室見川再生15年目へ 市民団体の活動が浸透 産卵場造成や観察会開催

西日本新聞 ふくおか都市圏版

 福岡市西部地域を流れる室見川を「かつてのように自然豊かな川に」と活動する市民団体「室見川再生を語る会」(山崎惟義会長)が今秋、発足から15年目に入る。福岡大水工学研究室と流域住民らが協力しながら、フォーラム開催や自然観察会、シロウオ産卵場の整備などに取り組んでおり、シロウオやドジョウがあふれる環境の復活を目指す活動は少しずつ地域に浸透してきた。

 同会は2005年9月に発足。室見川の魚影が濃かった頃を知る初代会長井上正彦さん(故人)らが当時、福岡大教授だった山崎さんに協力を求め、流域住民や漁業、農業、利水組合関係者らが集まった。現在会員は21人。

 福岡大と室見川シロウオ組合、語る会が協力して取り組むのがシロウオの産卵場造成。漁獲量が100キロ程度と1970年代の10分の1以下に激減したシロウオの復活を目指し、毎年2月ごろ、河川改修のため砂が滞留して埋もれるようになった汽水域で、産卵向きの石を掘り起こす。当初は学生ら数十人だったが、次第に住民の参加も増え、今年は160人が集まった。

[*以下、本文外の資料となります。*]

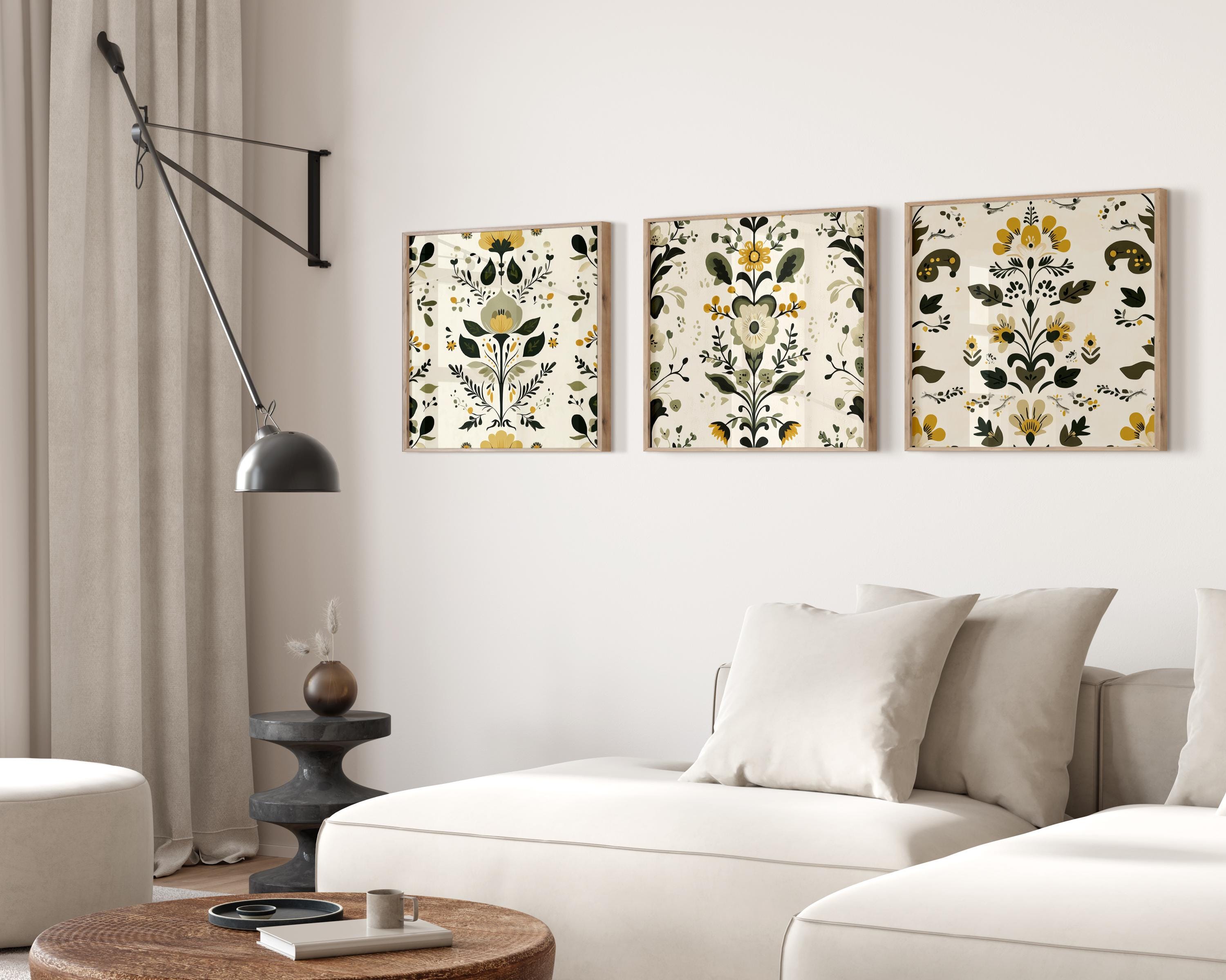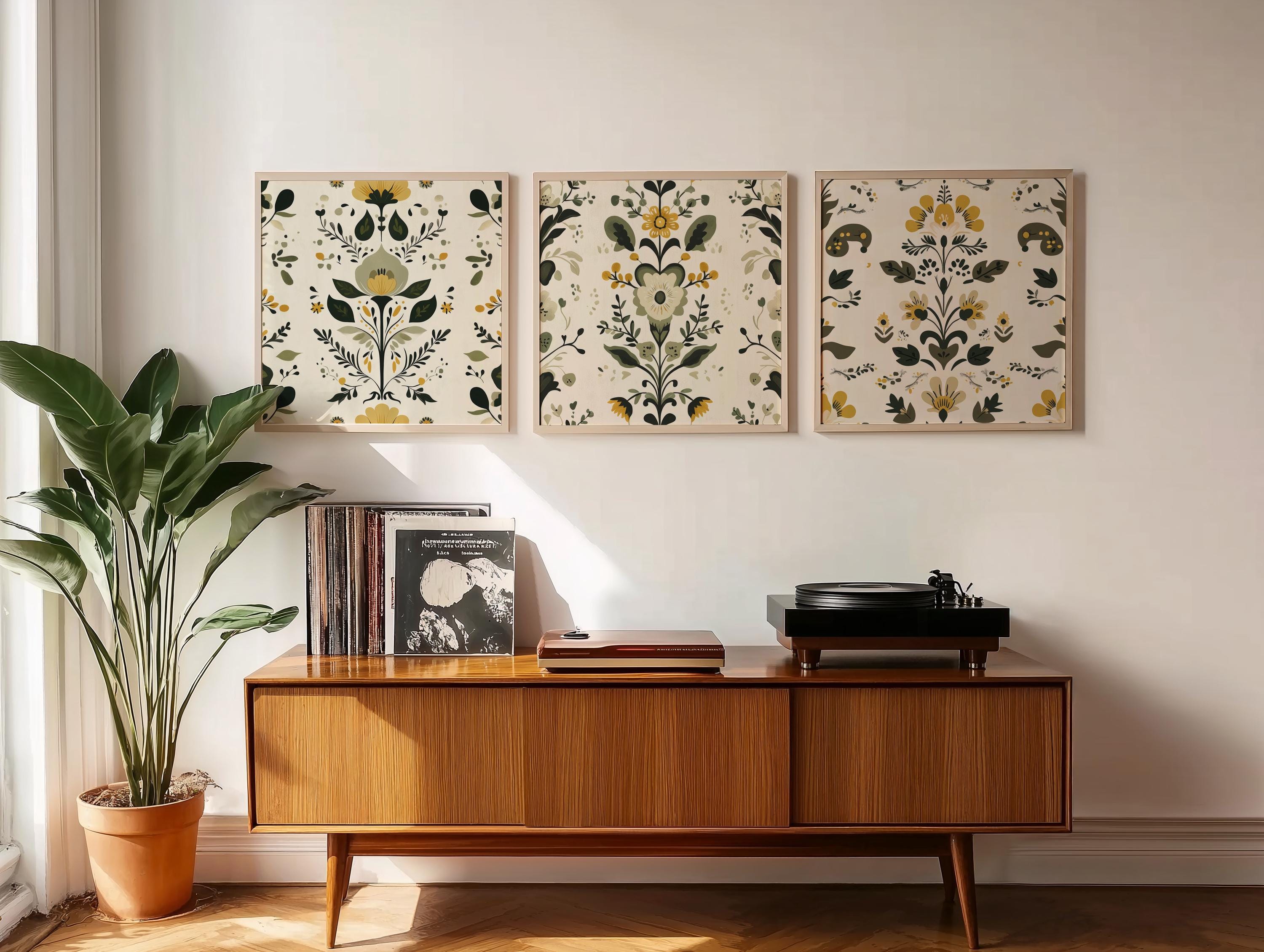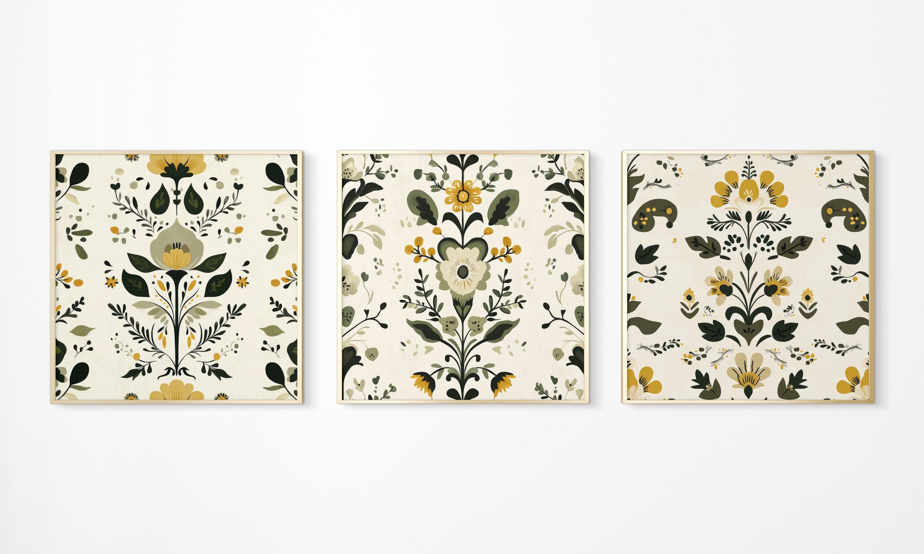 Inspired by traditional Scandinavian folk art, this print set of 3 features Nordic floral motifs in balanced green and yellow tones. The designs combine classic folk details with a clean, structured composition, creating a warm focal point for living rooms, dining areas, and cozy interiors. Thoughtfully arranged to bring subtle character and a calm hygge atmosphere to your space.

 流域の児童や園児に向けた自然観察会は毎年5回ほど開催。コイやアユなどを取って観察し、生命が宿る室見川に親しむ。姿を見なくなったメダカやドジョウを増やすため、生息に適したビオトープ池整備に取り組み、フォーラムはこれまで7回開催。機関誌「室見川の風」も定期刊行する。

 「治水、利水とともに、どう自然環境を保全し、多様な生態系を維持していくか」と話すのは、語る会の事務局担当で福岡大水工学研究室助教の伊豫岡宏樹さん。「シロウオを増やすには産卵しやすい川づくりとともに博多湾で成長できる環境確保も必要」と指摘する。当面の目標はシロウオを川で取り、その場で味わうシロウオ祭りの開催。さらに、博多湾流入河川だけに生息するハカタスジシマドジョウが絶滅危機を脱し、捕獲禁止が解除されるよう生息数の回復を目指す。

 山崎会長は「室見川を愛する住民の方々が活動を引っ張ってきた。地域住民や学校、児童、保護者を活動に巻き込みながら、自然再生への機運を高めていきたい」と話している。